The field of entomopathology is extremely well developed,^2,19,58 but it has remained almost entirely focused on control of agricultural pest species and on human and domestic animal disease vectors. Modern techniques are often not applicable or affordable for disease screening in zoologic collections.⁵¹ The histologic basis of entomologic pathology research^52,54,55 has now given way to molecular techniques, with the result that few entomologists are able to help with histopathologic queries.³⁷ Zoo veterinarians may be familiar with disease screening in a large variety of vertebrate species but are usually limited in experience with invertebrate diseases and pathology.^* Many of the most useful texts to a veterinary invertebrate pathologist are thus those from before this change in direction of entomologic pathology research.^19,52,54,55

EVALUATING THE SIGNIFICANCE OF INFECTIOUS AGENTS

The well-recorded extinction in captivity of the last Partula turgida Polynesian snails, has been claimed to be the first proven case of extinction by infection, with a Steinhausia species microsporidian infection implicated.⁷ Unfortunately, because no initial disease screening or archiving of wild individuals’ tissues for later examination was performed, before captivity the true significance of this organism is by no means clear. It may have been present in the original wild population, even if at a low level.^36,37

A similar situation is infection with the entomopathogenic fungus Metarhizium anisopliae var. anisopliae of captive stock of the endangered Frégate Island giant tenebrionid beetle (Polposipus herculeanus).
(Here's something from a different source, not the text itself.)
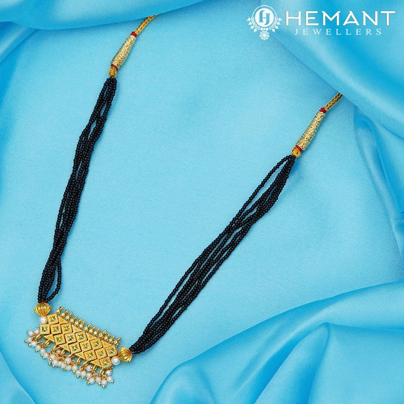 Traditional Maharashtrian Kolhapuri Mangalsutra Plain 9 X+Square Peti Moti

This beetle was listed as critically endangered after the introduction of rats to its home island in the Seychelles.¹⁰ The rats have since been eradicated, but the beetle still has a restricted range, making the population vulnerable to a stochastic threat. Although adult beetle mortality rates appear to be low,¹⁰ approximately 30% of all dead adults examined postmortem demonstrated infection. This isolate appears to have a relatively low pathogenicity in adult beetles, but it is unknown whether this agent occurs naturally on Frégate Island or in beetles in their natural habitat. It is thus impossible to determine sensibly the level of intervention and disease control needed in captivity. Although the risk of introducing a novel pathogen into a naive wild population is to be avoided at all costs, rigorous isolation, culling, and time-intensive husbandry techniques would be counterproductive should this agent occur naturally in the wild population. Further research is therefore essential before the reintroduction of any captive bred beetles could be considered.

The diagnosis of pathogens is also complicated by the occurrence of normal entomosymbiont organisms. These may be intracellular or extracellular and may occur in specific regions, such as the digestive tract, or may be free in the hemolymph. These entomosymbionts may be found in highly developed structures or mycetomes,⁵⁵ which have specific physiologic, organlike functions in some species. Mycetomes may contain a combination of several different organisms. Blattaria spp. such as the commonly kept Madagascan hissing cockroach (Gromphaorhina portentosa) have mycetomes associated with their adipose bodies. These are believed to be bacterial and rickettsial in nature. Elimination of the symbionts leads to abnormal protein metabolism, shortened survival rate, and reproductive failure.⁵⁸ Partula spp. Polynesian tree snails appear to have large numbers of normal flagellates, which do not appear to be associated with disease.⁴⁸ If pathologists are not familiar with the species, these may be erroneously diagnosed as pathogens.